Что за важность в тех призраках, которыми мы населяем эту тень? Когда идет речь о поступках и желаниях, это не меняет ничего. Здесь идет речь о самой натуре Лоуренса, сходной с натурой святого Августина, который полагал человека таким, что даже его любовь оскверняет Бога; но святого Августина, не верующего в благодать. Лоуренс все время был привилегированным объектом своего презрения. Неважно, каким был его мотив — желание славы, ненавистное той части его личности, которую он предпочитал, обстоятельства его рождения, его физическая сторона, которую он никогда не принимал, его маленький рост, с которым он не мог смириться, механизм его памяти, в которой, казалось, для него не иссякали (если он не делал ее инструментом своей работы, и если его воля не контролировала ее) унизительные или горькие воспоминания; неважно, был ли этот мотив невозможностью примириться с тем представлением, которое он имел о самом себе, или о своей роли в Аравии, или о форме своей сексуальности.

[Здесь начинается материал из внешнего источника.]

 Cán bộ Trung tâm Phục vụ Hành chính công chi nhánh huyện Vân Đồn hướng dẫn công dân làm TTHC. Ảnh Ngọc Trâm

Неважно, идет ли речь о чем-то меньшем, о чем-то отдельном, или обо всем сразу, или о самой жгучей среди этих тайн. Кто способен постигнуть в человеке меру боли и стыда, кроме него самого? Постоянное возрождение презираемых им желаний, непоправимое присутствие в нем того, что он отвергал, для человека, в котором наследственная и настоятельная идея долга смешивалась с одержимостью силой воли, уже позволяло создать трещину той же природы, что и неизлечимая болезнь, обвинение мира такое же сильное, как то, что причиняет навязчивое присутствие смерти. Самое глубокое сознание человека не глубже, чем сознание непоправимости, сознание рабства. Какое другое значение, кроме абсурда, могла вселенная иметь для Данаид?

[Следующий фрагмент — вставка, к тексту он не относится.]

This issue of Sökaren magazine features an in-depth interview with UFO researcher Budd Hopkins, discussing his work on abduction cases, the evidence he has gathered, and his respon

Если Лоуренс упрямо шел по раскаленным камням, если он двигался под песчаной бурей, пока его веки не оказывались в крови, если он возвращался за турецкую линию фронта после пыток в Дераа — если ребенком он старался вернуться в школу со сломанной ногой[638] — то потому ли, что он испытывал, как говорили его друзья, склонность к страданию; или потому, что на тех высотах, где он находил тщеславное и восполняющее одиночество, он хотел испытать господство воли, действие ради самого действия, власть над жизнью, которая при иных обстоятельствах лишь ускользала от него? В какой-то точке здесь соединяются абсурд и воля к власти. Если всякое человеческое усилие — лишь водоворот под ветром смерти, что значит власть? Что значит слава самого древнего завоевателя перед лицом геологической иронии? Но, если идет речь не о том, чтобы поставить под вопрос ценность мира, а о борьбе с непобедимым возвращением страдания, тоски или унижения в самом себе, нет такой власти, нет такого труда, которые не могли бы помочь в этом и к которым не взывал бы дух, неумолимо неудовлетворенный.

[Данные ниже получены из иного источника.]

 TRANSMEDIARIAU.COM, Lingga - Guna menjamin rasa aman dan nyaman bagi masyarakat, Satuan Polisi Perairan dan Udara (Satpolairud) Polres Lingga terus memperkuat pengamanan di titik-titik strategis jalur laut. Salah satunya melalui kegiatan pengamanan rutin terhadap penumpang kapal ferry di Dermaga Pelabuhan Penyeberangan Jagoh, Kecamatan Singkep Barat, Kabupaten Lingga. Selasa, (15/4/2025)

Что было общего у этого опустошенного человека с ученым, героическим и лучезарным юношей из легенды? Он отказался от наград в Аравии не из равнодушия, но из гнева на то, что желал их.[639] Из всего, что он сделал, что было сделано им не против собственной воли? Его ясность ума, его смелость, взятие Дамаска, вся эта кампания в Аравии — он все швырнул демону, преследовавшему его, чтобы замедлить его поступь. Видя, что сделало человеческое воображение из его успеха, он спрашивал себя, неужели всякая слава основана на обмане и надувательстве — подозревая, что тот невинный герой, которым заменяли его, если бы он подвергал себя такому же допросу, доходя до презрения к себе, не был бы способен ни на что. События, вошедшие в его легенду, уже казались ему поступками кого-то другого!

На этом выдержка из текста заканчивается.